Durwin began by cold pressing his home-grown linseed to sell as a premium culinary oil to be used in no- and very low-temperature cooking. As demand grew, he measured out a daily amount in easy-to-swallow Linseed Pods, encouraging people at the same time to reduce consumption of processed foods and oils HIGH in Omega 6.
“The ideal ratio of Omega 3 and Omega 6 is 1:1,” says Durwin, “but 83% of the Western world is deficient in anti-inflammatory Omega 3 and walking around with 15/20/25 times more Omega 6 in their bodies, which is linked to the production of pro-inflammatory hormones. Many of our most common diseases today begin with inflammation.”
Pre-war, Omega 3 was present in much larger quantities in our diet – in meat and milk from animals fed on Omega-3 rich pasture and linseed meal – while Omega 6, the product of many crops held responsible for destroying the rainforest, had not yet crept into the food chain in any large quantity.
As he researched, Durwin began to strike more and more Omega 6-rich oils off his shopping list, including soya, rape and palm – all frequently lumped together as ‘vegetable’ oils on food labels; not because they are intrinsically bad in the right quantities, but because when heated to high temperatures in manufacturing, there is evidence that they are so denatured the body no longer recognizes them for what they are.
“People will buy an organic potato and get back home and roast it in organic rapeseed oil and turn a healthy food into an unhealthy one at a stroke,” says Durwin. “What they should be using is saturated fat – dripping, lard, ghee or coconut oil.
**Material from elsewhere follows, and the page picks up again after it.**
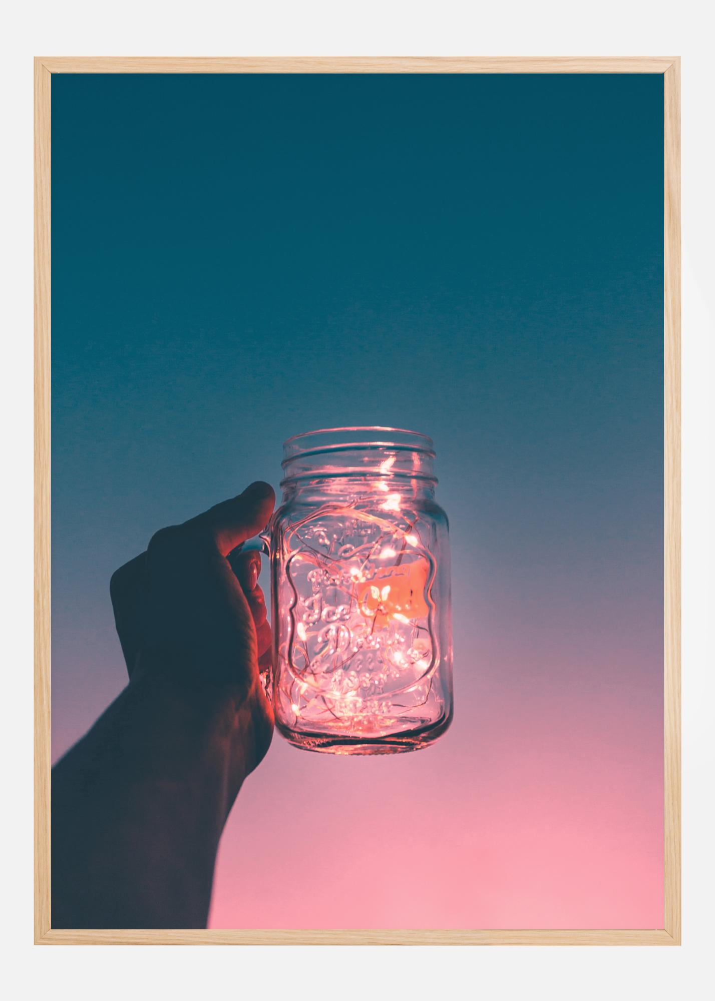 A friendly poster of a hand holding a mason jar mug with fairy lights inside. Enjoy this magical vibe as the glowing lights are held up to a soft blue and pink background giving this a true fantasy feel. Raise your glass to this image too and feel the uplifting spirit this poster brings.

The chippie in Harrogate was in fact using dripping because he thought it made the chips taste better anyway.”
The Linseed Farm is still the only one in the country growing, pressing and selling fresh oil direct to customers, many of whom report a remarkable impact on their quality of life. But, sadly, it came too late to help Lyn.
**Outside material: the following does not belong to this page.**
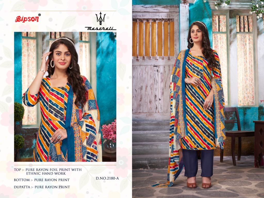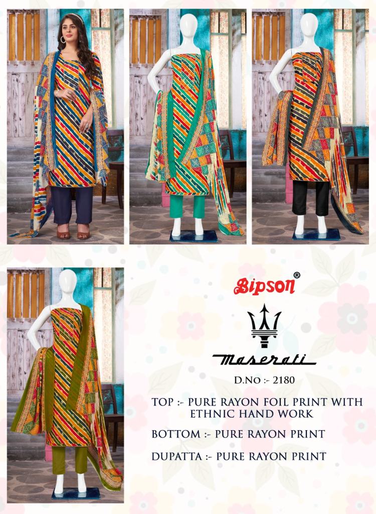 Bipson Maserati 2180 Daily Wear Rayon Printed Dress Materials. Top: Rayon Foil Print With Ethnic Hand Work | Bottom: Rayon Print | Dupatta: Rayon Print

“The cancer was particularly aggressive and didn’t respond well to treatment,” says Wendy. “But Lyn’s death made Durwin much more determined to get the message about fats out there to people.”
Sometimes the farm office feels more like a consulting room. “People talk to me on the phone and at shows like they talk to their doctor; men tell me about their cancer, women talk about their menopausal symptoms. For all of them, their underlying question is: ‘If I eat better foods, will I be healthier?” says Durwin.
His conversations over the years has prompted him to begin writing a no-nonsense, non-medical handbook to good health, called ‘The Farmer Will See You Now…’
“The majority of farmers probably do not realise the vital role they should be playing in keeping us healthy by understanding how to provide food that heals,” he says. ”I bet there is no other farm in the country who specifically invites doctors on to their farm to talk about it.”